Spanish driver Carlos Sainz, the best shot to win on home soil, was fifth-fastest Saturday morning in his Ferrari. A fuel system issue forced Ferrari to change Sainz's chassis overnight.
Fellow countryman Fernando Alonso has not had a joyous homecoming so far. He was 12th in Saturday morning practice for Alpine, accused the FIA of incompetence in race control, and was penalized during one of Friday's practices.
Spain's greatest driver has struggled this season and the two-time F1 champion has scored only two points, while Alpine teammate Esteban Ocon has scored 24.

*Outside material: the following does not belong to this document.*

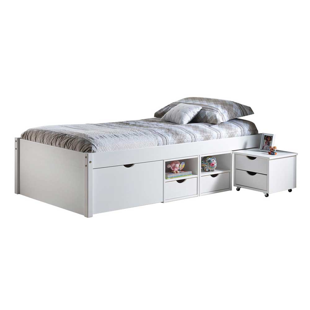 – Kinderbett Weiß – Kinderbettchen Kiefer Massivholz – Jungenbett Breite: 96 – Kinderzimmer bett Höhe: 48 – Bett für kinderzimmer Tiefe: 209 – Kinder einzelbett Bettseitenhöhe [Einstieg]: 48 – Holzkinderbett Inkl. 1 Nachtkommode – Bett fur kinder Liegemaße: 90×200 – Kinderzimmerbett Ohne Beleuchtung – Vollholzkinderbett Zerlegt, zum leichten Selbstaufbau (Montageanleitung liegt bei) – Mädchenkinderbett Lieferung ohne Matratze – Inkl. 1 x Rollrost – Fußende-Höhe (cm): 48 – Kopfende-Höhe (cm): 48 – Füße: Wangen an Kopf- und Fußende – Massivholz Oberfläche und LackiertInformationen zur Lieferung:Die Zustellung dieses Produktes erfolgt per Spedition. Sie werden vor der Auslieferung durch die ausliefernde Spedition kontaktiert.Terminvereinbarung: Sie werden frühzeitig (ein paar Tage im Voraus) durch die ausliefernde Spedition kontaktiert und Ihnen der Auslieferzeitpunkt mitgeteilt. Die Kontaktaufnahme erfolgt per Telefon. Bei telefonischer Nichterreichbarkeit werden Sie per Postkarte über das Auslieferdatum informiert.Die Lieferung erfolgt aus Kostengründen Frei Bordsteinkante (bis zur ersten verschlossenen Tür). Für den weiteren Transport der Ware sind Sie eigenverantwortlich.Die Auslieferung erfolgt von Montags bis Freitags. Eine Zustellung an Sonn- und Feiertagen ist nicht möglich.

Leclerc holds a 19-point lead over Verstappen after five races, but Verstappen has the momentum and is coming off consecutive victories at Imola and Miami. The Dutchman has three wins to Leclerc's two victories this season.
But Ferrari is one of several teams that arrived in Spain with upgrades to their 2022 cars and was hopeful the team can stop Verstappen on the 4.6-kilometer (2.8-mile) circuit.
Qualifying will be important as the pole sitter for this race has won 23 out of 31 times because the track has few passing zones.
Hot temperatures should make tire management key over the 66-lap race on a track notorious for being tough on tires. Leclerc complained about it during Friday’s practice.
Ferrari racing director Laurent Mekies acknowledged before qualifying that the Italian outfit “was not pleased with our long runs” due to the wear and tear on the tires.
“We are hoping to help with the upgrades (we brought to Spain) and give the tires an easier time,” Mekies said.
Hamilton has won the Spanish GP six times, and for each of the past five years. But the seven-time world champion entered the weekend as an outside challenger to what so far has been a two-man title fight between Verstappen and Leclerc.
Hamilton has been beaten by new teammate Russell in four of five races this year as Mercedes has been slow out of the gate with its new car.
Echoing the positive impressions that Hamilton had from Friday's practice, Mercedes technical director Mike Elliot said that his team had done a lot to eliminate the bouncing effect — referred to as “porpoising" — that has plagued the team with the new car.
“We have definitely settled the car down,” Elliot said. He didn’t rule out a rebound that could return Mercedes to title contention.
“We were lucky enough to be at the front for a big period of time, and to now find ourselves as the challengers is lifting," he said. "We are not a huge distance behind, if we can get our car into position we have a chance.”